Exercise description = Restate word for word the lines below from the one that has "为表彰先进,发挥榜样的力量,7月18日,福建青拓实业股份" through the one that has "Polecenie ROZDZ steruje", keeping both and dropping all pictures.

Material shown =
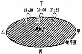 小题1:根据②日落时的北京时间为20:00,计算该地比北京时间晚2个小时,则①地日落的地方时为16:30,则①地的白昼时间=(16:30-12)×2=9小时。所以本题选择A选项。
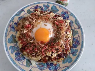 43日目お好み焼きに 【43日目】 会員さまから教えていただいたお好み焼きにパットフッテをかけ、たべながらかけていただきました食べながらかけて食べるスタイルもいいですね、教えていただきありがとうございました
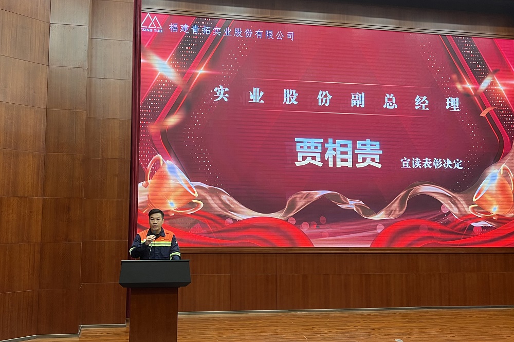 为表彰先进,发挥榜样的力量,7月18日,福建青拓实业股份有限公司及福建青拓新材料有限公司在青拓集团报告厅顺利举行了2024年上半年总结暨先进表彰大会。青拓实业股份董事长孙勇伟、总经理李学强,青拓环保科技总经理杨建荣,青拓实业股份副总经理贾相贵、袁少平及各部门部长出席会议。
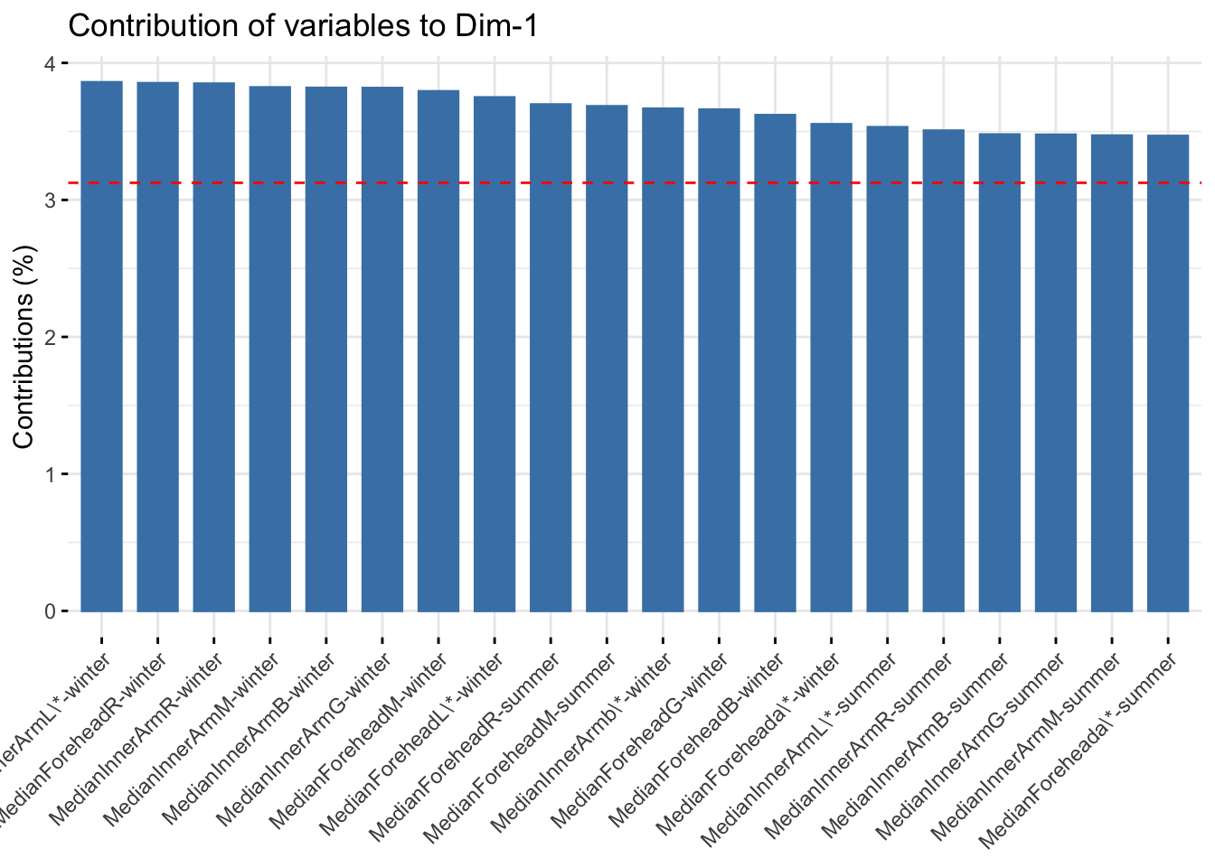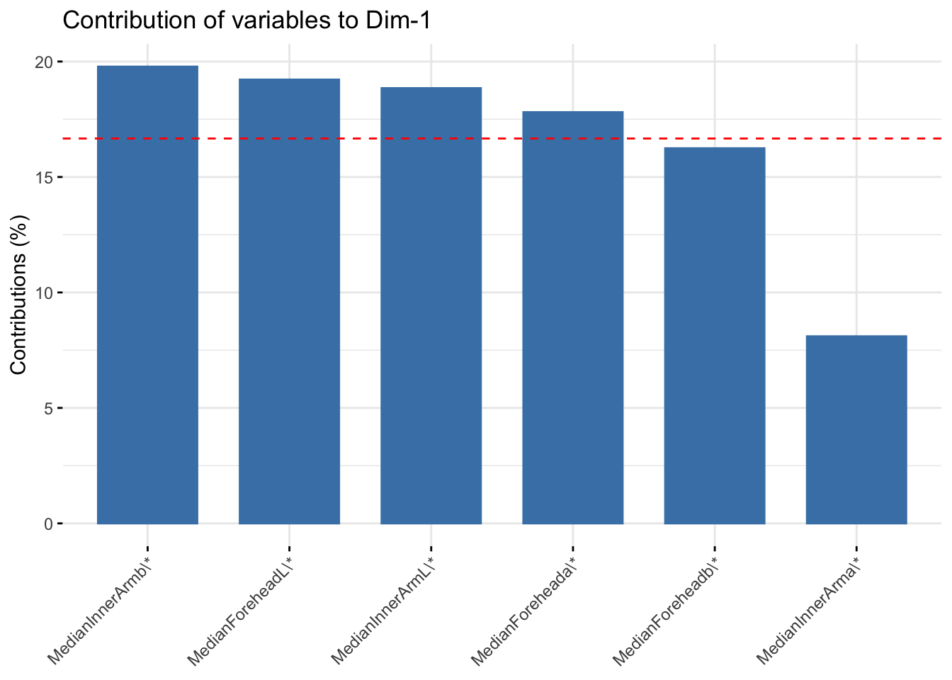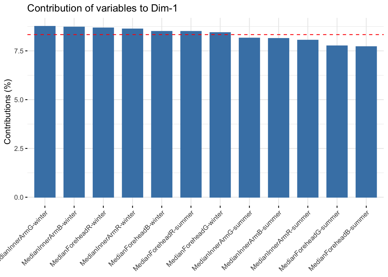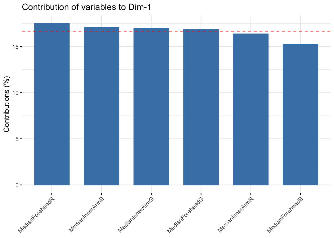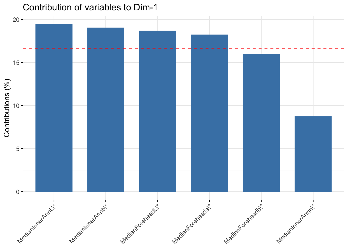 fviz_contrib(six_cie_pca, choice = "var", axes = 1, top = 10)
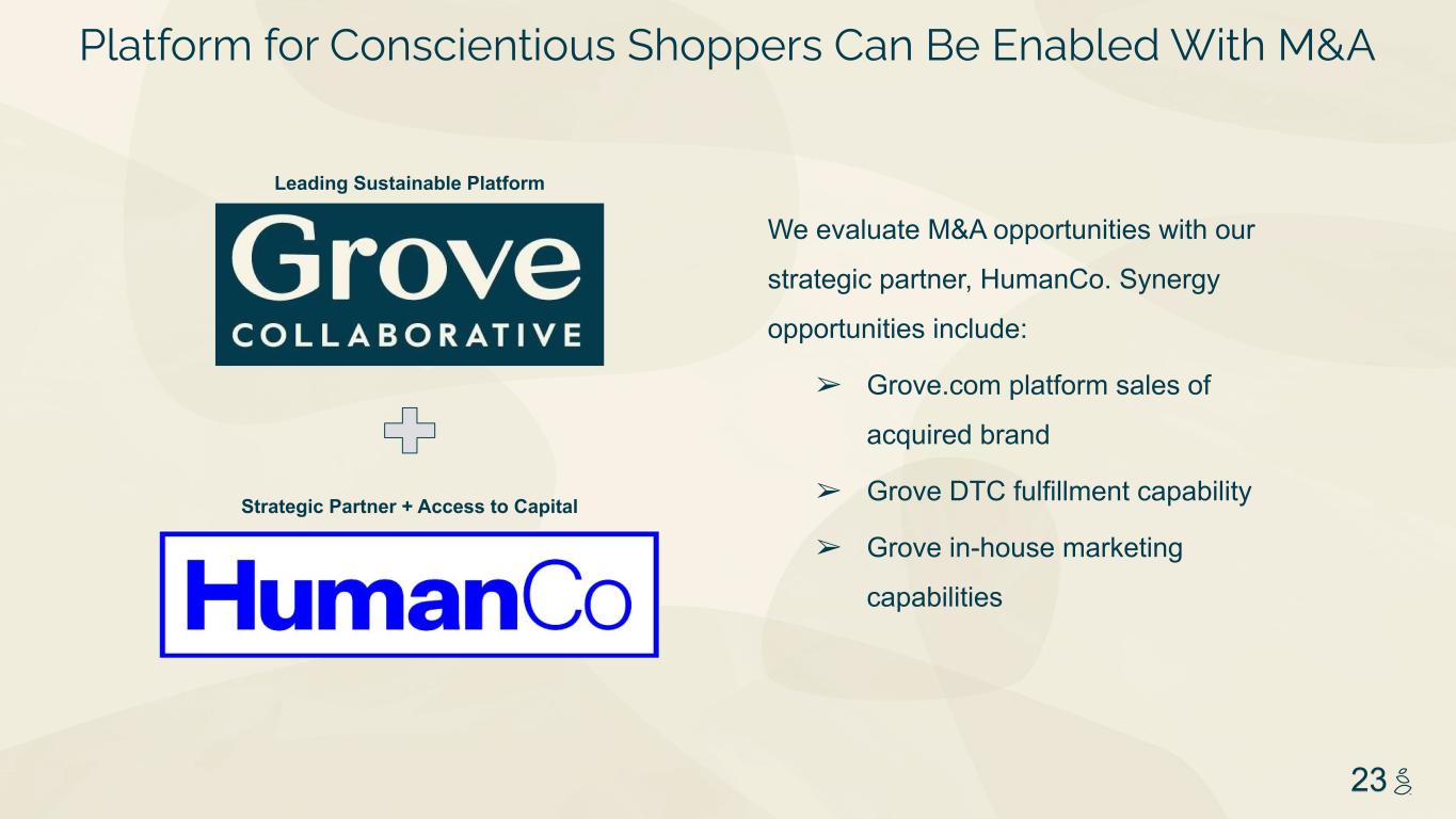 NOTES START FROM HERE AND GROW UP NO CONTENT BELOW THIS LINE CONTENT BELOW THIS LINE SUBTITLE BELOW THIS LINE TITLE CAN NOT GO ABOVE THIS LINE 3 59 76 0 114 88 120 159 144 130 186 128 102 163 157 172 196 200 255 255 255 0 0 0 247 243 228 3 59 76 247 243 228 23 Platform for Conscientious Shoppers Can Be Enabled With M&A We evaluate M&A opportunities with our strategic partner, HumanCo. Synergy opportunities include: ➢ Grove.com platform sales of acquired brand ➢ Grove DTC fulfillment capability ➢ Grove in-house marketing capabilities Leading Sustainable Platform Strategic Partner + Access to Capital
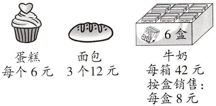 2. 小红买了 1 个面包和 1 个蛋糕,一共花了多少元?
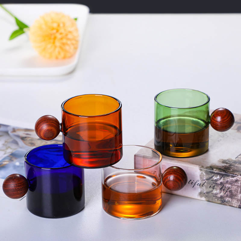 Coffee Tea or Liquor Wooden handle Glass Cup
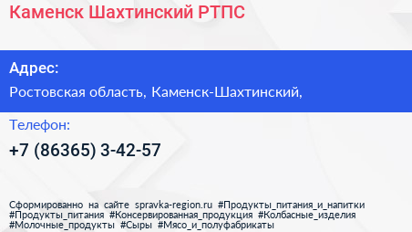 Каменск-Шахтинский РТПС по адресу Ростовская область, Каменск-Шахтинский, в дальнейшем Организация, размещена в следующих категориях:
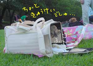 ミニかりんちゃんはキャリーバッグで岡村公園に到着したわ。
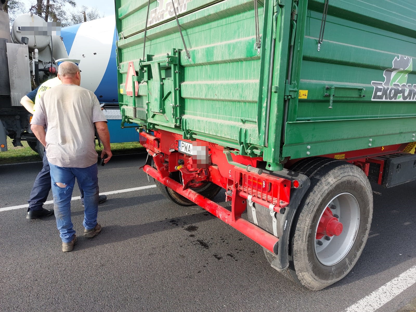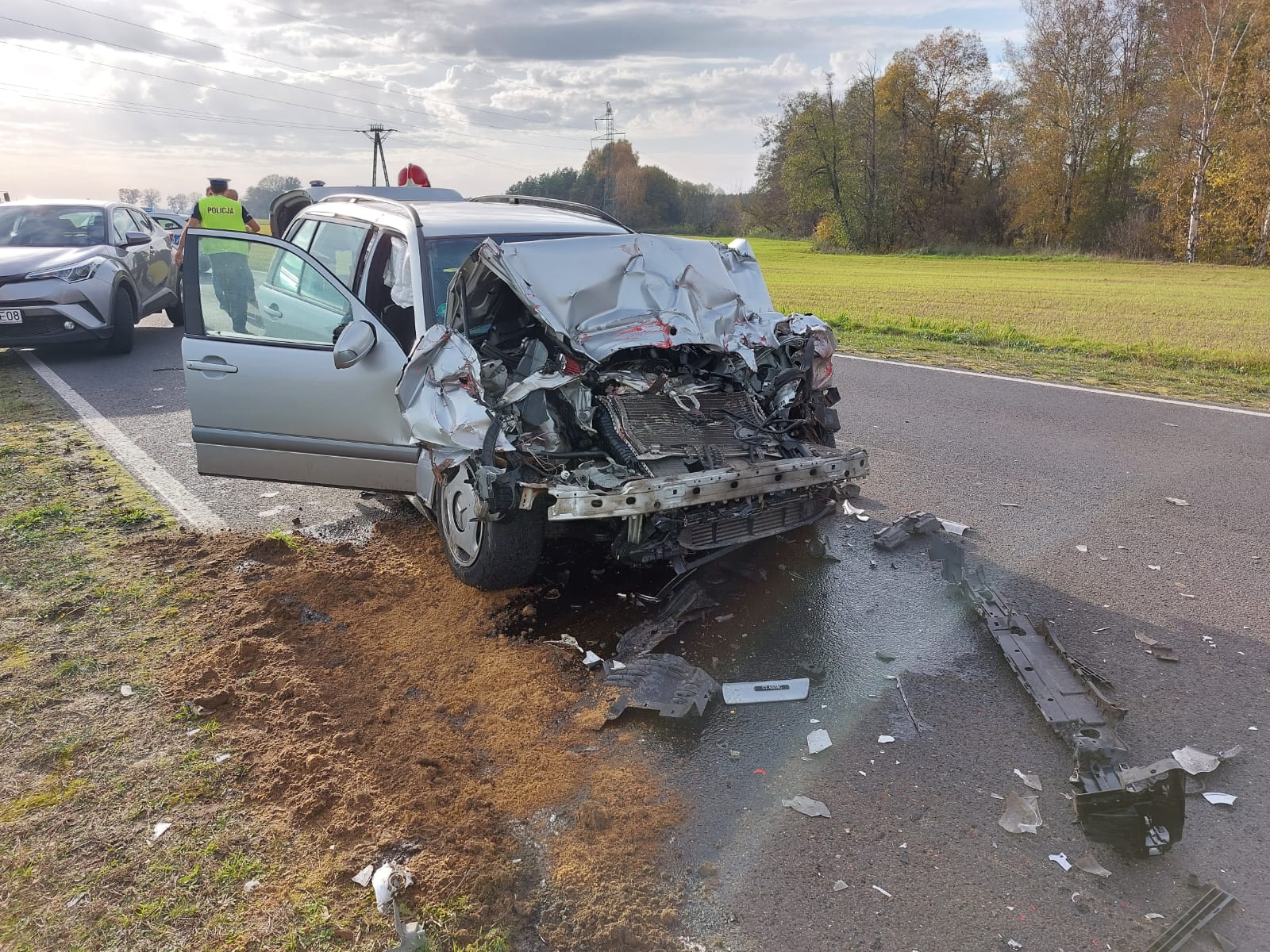 Po dojeździe JOP na miejsce zdarzenia zastano osobowego Mercedesa, który uderzył w tył przyczepy rolniczej. Kierujący pojazdem osobowym z widocznymi krwawieniami z nosa i ust oraz bólem w klatce piersiowej.
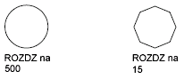 Polecenie ROZDZ steruje wyglądem okręgów, łuków, splajnów i zakrzywionych polilinii za pomocą krótkich wektorów. Im większa liczba wektorów, tym bardziej są wygładzony wygląd zaokrąglonych obiektów. Na przykład mały okrąg po powiększeniu może przypominać wielobok. Za pomocą polecenia ROZDZ można zwiększyć wygładzanie okręgu.
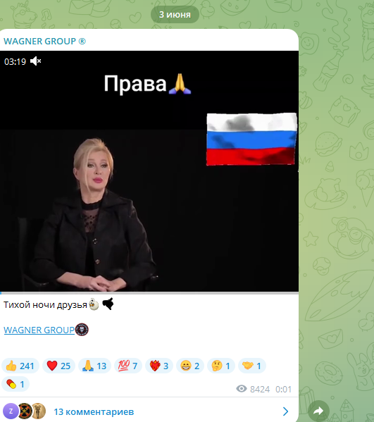 Этот ролик размещён в группе ЧВК "Вагнер" с пометкой "Права". "Музыканты" согласны с теми мыслями, которые честно озвучила артистка.
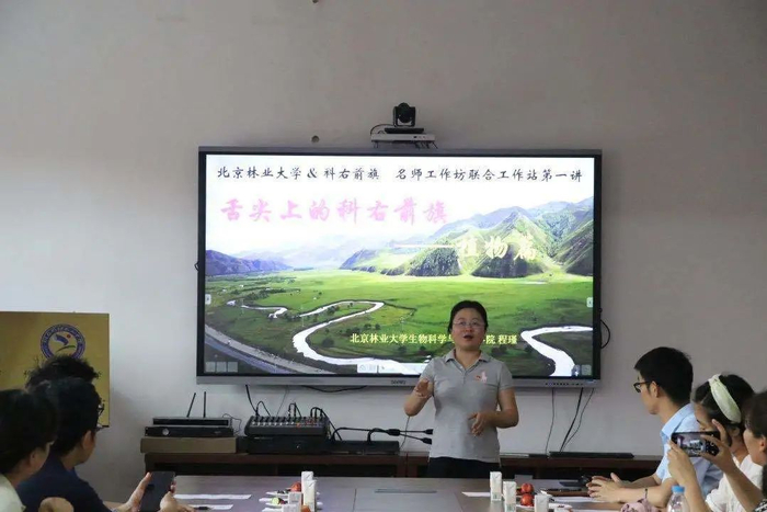 报告会前,北京林业大学和科右前旗联合筹备的“云端”教研室正式成立,程瑾支教教授的生物是首个启动这一项目的学科,这场报告也是教研室成立后的首场报告会。在会上,程瑾深入浅出地介绍了科右前旗常见可食用植物,并分享中学阶段适合开展的创新性科研训练项目,介绍一年来探索和总结的以“趣”促“趣”开发内化生物学教学模式。
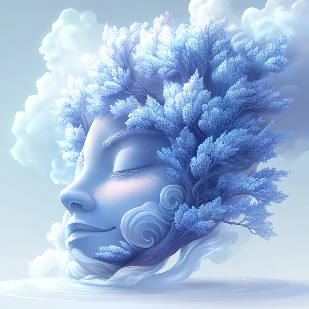 Pastel tones of blue and white create a harmonious and ethereal visual impact.
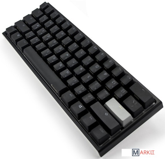 RGB подсветкаПрисутствует множество различных режимов, регулировка цвета осуществляется через палитру или отдельную настройку красного, зеленого, синего цветов. Также можно создать кастомный режим статичной подсветки.ПрограммируемаяDucky Macro 2.0 дает возможность создавать макросы. Можно создать свои мультимедиа, функциональные макросы и многое другое.Регулируемые ножкиДвойные регулируемые ножки предоставляют целых два угла наклона клавиатуры для более комфортной печати, а их прорезиненный низ не даст клавиатуре сдвинуться с местаРусифицированные PBT double-shot клавишиИзготовлены из высокопрочного пластика PBT с применением double-shot технологии, что гарантирует их долговечность и надежность в эксплуатации.DIP-переключателиДают возможность поменять расположение клавиши FN и переключиться между NKRO и 6KRO.Функция Full N-key Rollover по USB (NKRO)Позволяет нажимать одновременно неограниченное количество клавиш. Для печати идеально подойдет как 6KRO, так и NKRO независимо от вашей скорости. Для игр NKRO будет плюсом и неважно, нажимаете ли вы больше 6 кнопок или нет, поскольку, играя в любую игру, вы можете случайно нажать пару лишних клавиш и из-за этого клавиатура имеет шанс не среагировать на нажатие, которые вы хотели совершить изначально. Также присутствует возможность переключения на 6KRO. Информация о совместимости с Mac OS: функции клавиш Launchpad, Mission Control и регулировки яркости экрана отсутствуют. Управление музыкой недоступно по умолчанию (за исключением регулировки громкости), однако вы можете назначить действия управления музыкой на любые доступные для этого клавиши (например, FN + Z, X, C, V, B), следуя данной инструкции. Поменять местами клавиши-модификаторы можно в системных настройках Mac OS.
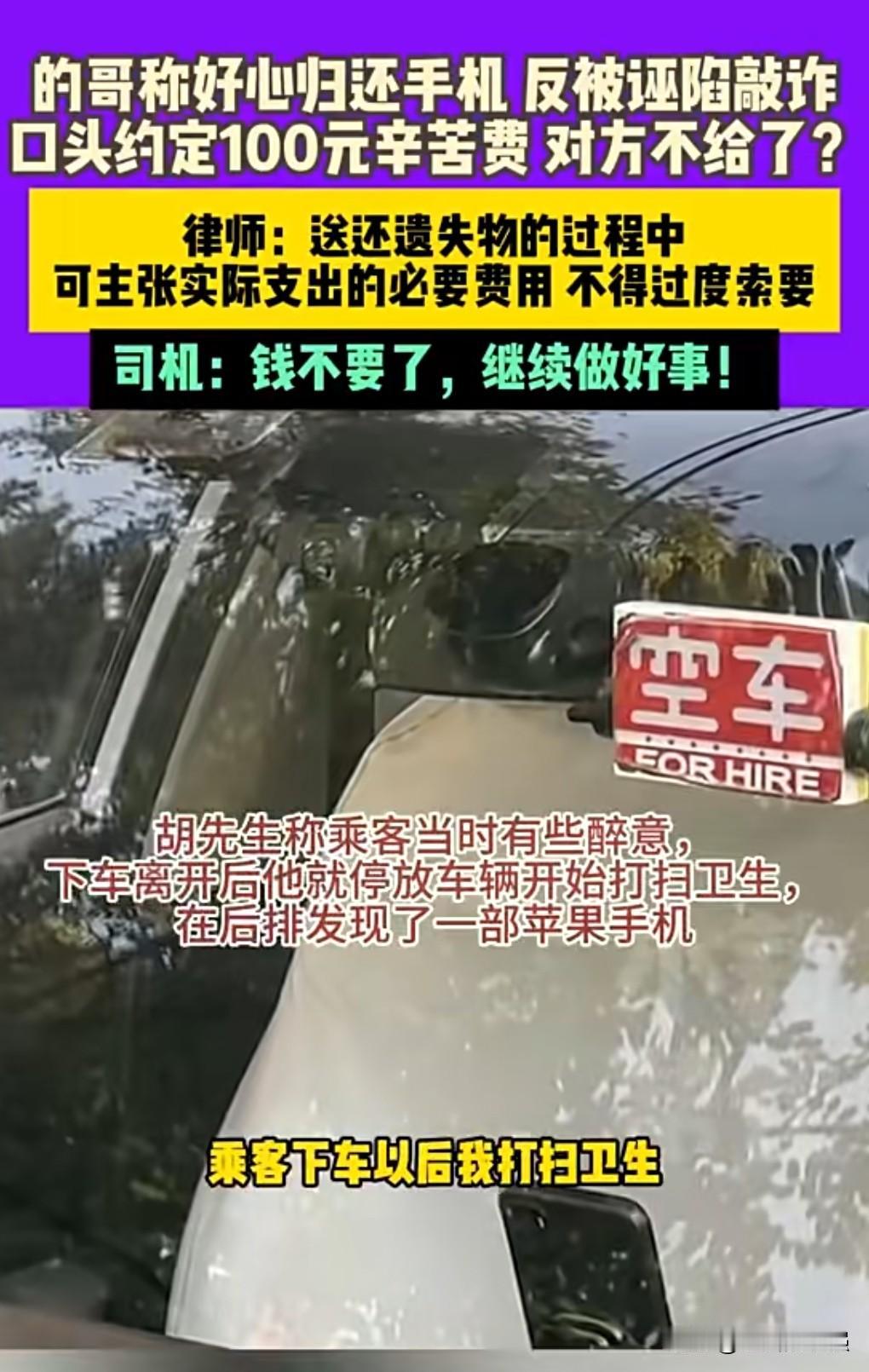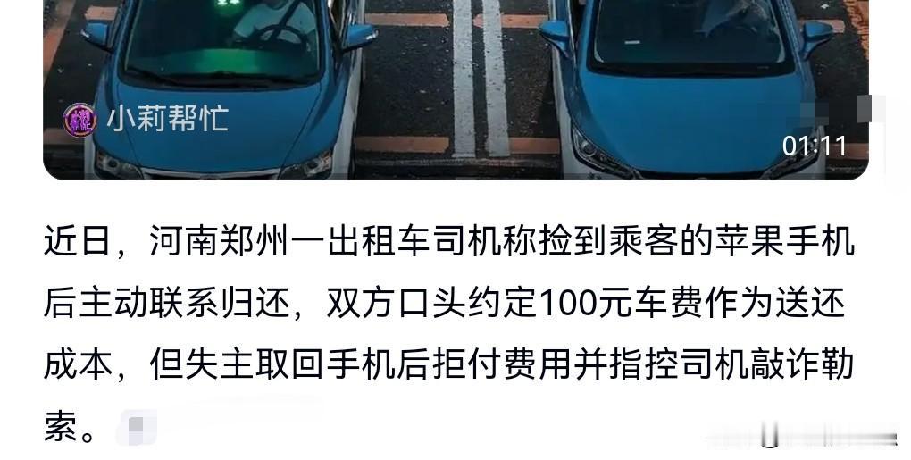 这真的是太缺德了,人要是无耻到这个份上,那真的是挺悲哀的。 近日报道,的哥称好心归还手机反被诬陷敲诈。 失主把手机落在车上了。 说好的归还手机后,失主要给的哥100块钱,毕竟来回的油费也是要的。 没想到失主拿上手机后,竟然不给了。 并且还诬陷的哥敲诈。 这真的是离谱。 这样的失主实在是人品太次了。

Your solution =
 为表彰先进,发挥榜样的力量,7月18日,福建青拓实业股份有限公司及福建青拓新材料有限公司在青拓集团报告厅顺利举行了2024年上半年总结暨先进表彰大会。青拓实业股份董事长孙勇伟、总经理李学强,青拓环保科技总经理杨建荣,青拓实业股份副总经理贾相贵、袁少平及各部门部长出席会议。
 fviz_contrib(six_cie_pca, choice = "var", axes = 1, top = 10)
 NOTES START FROM HERE AND GROW UP NO CONTENT BELOW THIS LINE CONTENT BELOW THIS LINE SUBTITLE BELOW THIS LINE TITLE CAN NOT GO ABOVE THIS LINE 3 59 76 0 114 88 120 159 144 130 186 128 102 163 157 172 196 200 255 255 255 0 0 0 247 243 228 3 59 76 247 243 228 23 Platform for Conscientious Shoppers Can Be Enabled With M&A We evaluate M&A opportunities with our strategic partner, HumanCo. Synergy opportunities include: ➢ Grove.com platform sales of acquired brand ➢ Grove DTC fulfillment capability ➢ Grove in-house marketing capabilities Leading Sustainable Platform Strategic Partner + Access to Capital
 2. 小红买了 1 个面包和 1 个蛋糕,一共花了多少元?
 Coffee Tea or Liquor Wooden handle Glass Cup
 Каменск-Шахтинский РТПС по адресу Ростовская область, Каменск-Шахтинский, в дальнейшем Организация, размещена в следующих категориях:
 ミニかりんちゃんはキャリーバッグで岡村公園に到着したわ。
 Po dojeździe JOP na miejsce zdarzenia zastano osobowego Mercedesa, który uderzył w tył przyczepy rolniczej. Kierujący pojazdem osobowym z widocznymi krwawieniami z nosa i ust oraz bólem w klatce piersiowej.
 Polecenie ROZDZ steruje wyglądem okręgów, łuków, splajnów i zakrzywionych polilinii za pomocą krótkich wektorów. Im większa liczba wektorów, tym bardziej są wygładzony wygląd zaokrąglonych obiektów. Na przykład mały okrąg po powiększeniu może przypominać wielobok. Za pomocą polecenia ROZDZ można zwiększyć wygładzanie okręgu.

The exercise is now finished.